Должник

Владимир Аркадьевич Журавлёв
      — Здрасьте, Вера Петровна. Никак, посреди недели баню решили стопить — который раз с коромыслом на ручей шагаете?
      — Да мои, Витя, вот-вот подъехать должны. А они по приезде все первым делом отцову баню идут топить, а тут уже готовая будет, стопленная, что им с дороги-то на ручей таскаться.
      — И кто из них навестить родину решил?
      — Толя со своим семейством.
      — Толян? Вечером зайду — в гости позвать да поговорить. Мы же с ним после школы только раз и виделись, когда их вагон в Головинке останавливался. Это сколько ж лет прошло... все не получалось... пересечься...
Витька, друг детства и юности Тольки, которого ждала Петровна, по всему намеревавшийся постоять и поговорить, вдруг сразу заторопился и, скомкав в одну кучу что-то вроде: «до вечера, увидимся, привет», быстро повернулся и зашагал к калитке своего дома. Петровна, у которой за отсутствием времени и ощутимой разницы с ним в возрасте особого желания разговоры разговаривать не было, хмыкнула, поправила на плече коромысло и, гоняя свои мысли о предстоящей встрече, уже по дороге к ручью забыла про этот разговор.
      Витька, наоборот, зайдя во двор, заметался по нему, словно ища что или, наоборот, пытаясь что-то спрятать и не находя для этого подходящего места. Отпнул собаку, вся вина которой заключалась в том, что не вовремя подошла к хозяину поластиться. Опрокинул стоявшее под навесом ведро с пойлом, приготовленным корове. Вошел в дом, хлопнул дверью, сел за стол и задумался: «Столько лет прошло, забыл Толька уже все, это я, дурак, до сих пор помню. А вдруг не забыл? Я же помню. Да наверняка забыл, мелочь какая — банка сгущенки, сейчас ее хоть заешься. А в то время? По первым месяцам службы, да в вагоне солдатском, когда куску сахара рад? А может, он и не знает ничего, и забывать ему нечего. Знает, конечно, знает. Петровна же ему письмо отправила сразу, как он адрес сообщил. Наверняка в том письме все обстоятельно изложила и расспросила. Не-ет, нашкодил, как кот в погребце, а теперь успокаиваешь себя — дело, мол, прошлое, забытое. Дернул черт открыть эту проклятущую сгущенку. С тех пор ведь на дух ее переносить перестал, а как ел тогда — так и не забыл».
      От этих мыслей у Витьки снова, как это бывало не раз, поплыли перед глазами зеленые, сто раз крашенные вагоны, в одном из которых, прицепном, много лет назад ехал к месту службы его друг Толян, ушедший служить раньше него, так как был на год старше.
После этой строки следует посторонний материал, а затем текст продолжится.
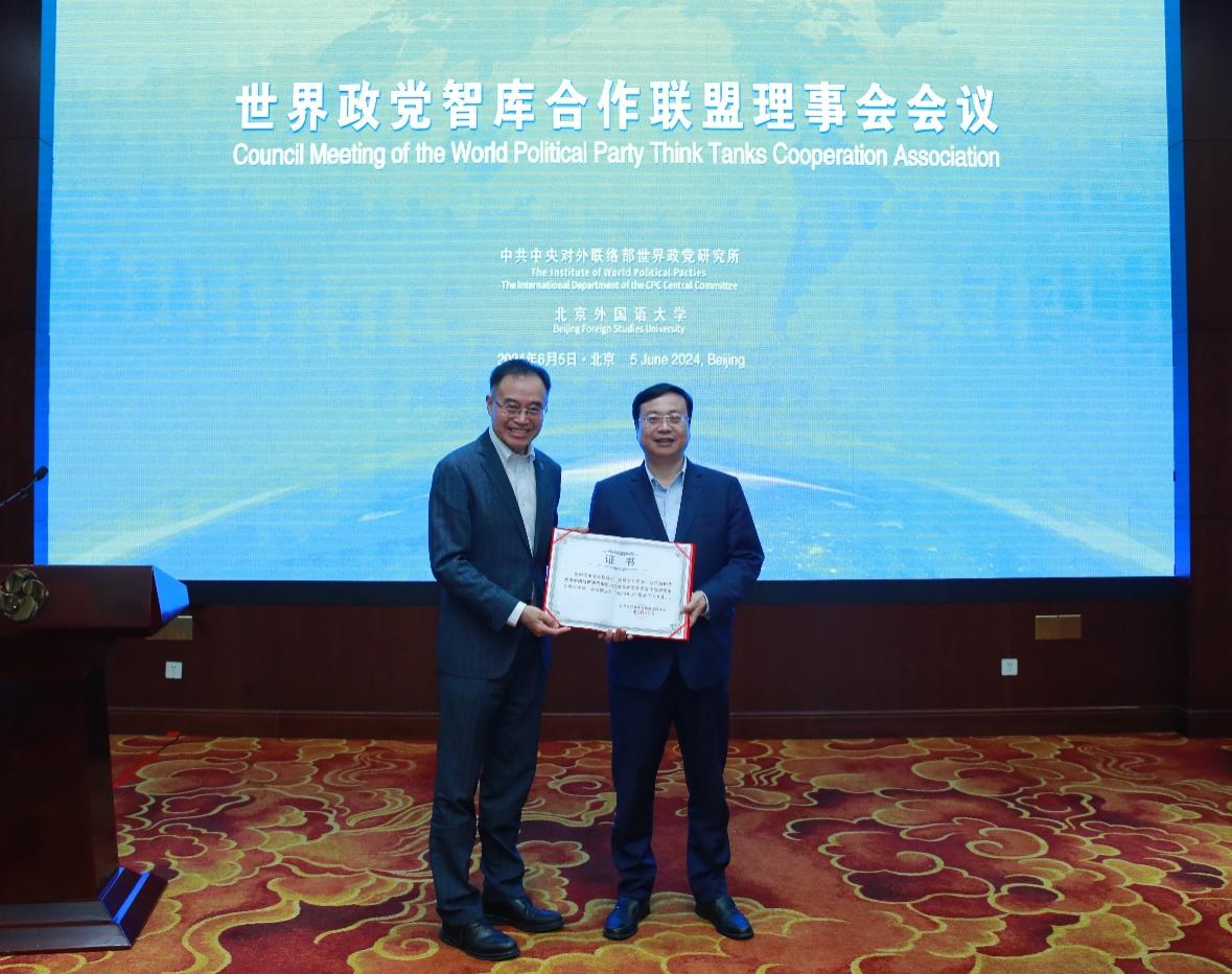 2024年6月6日,世界政党智库合作联盟成立大会暨世界政党政治学术研讨会在北京举行。此次会议由中联部世界政党研究所和北京外国语大学联合主办,大会开幕式由中联部研究室主任、世界政党研究所所长金鑫主持,中联部副部长陈洲等出席。来自坦桑尼亚、南非、孟加拉国、蒙古、智利、英国、法国等40多个国家的政党智库学者、共产党理论干部以及国内高校和智库代表等180余人参会。

      Правдами и неправдами, но по ходу движения этого «секретного» вагона все, у кого в нем ехали дети, братья и просто близкие, знали, и когда он прибудет на ближайшую станцию, и на каком пути будет стоять, и какая по времени стоянка. Соответственно, к нему на этих станциях сразу же устремлялись родня и друзья новоиспеченных защитников Родины. Никакие часовые из таких же стриженых солдатиков, со штык-ножами на поясе, ничего поделать не могли. Впрочем, командиры, ехавшие в этом же вагоне, особо и не старались оградить своих подчиненных от родственников. Сухпай, и без того небогатый, выдали на неделю пути, как это предусмотрено расписанием пассажирского поезда, по факту же прицепной вагон за семь дней прошел только две трети пути, а кормить личный состав надо. Так что рабоче-крестьянские баулы с продуктами были очень даже кстати, а опасность отравиться домашними пирожками и вареной колбасой в то время никого не пугала.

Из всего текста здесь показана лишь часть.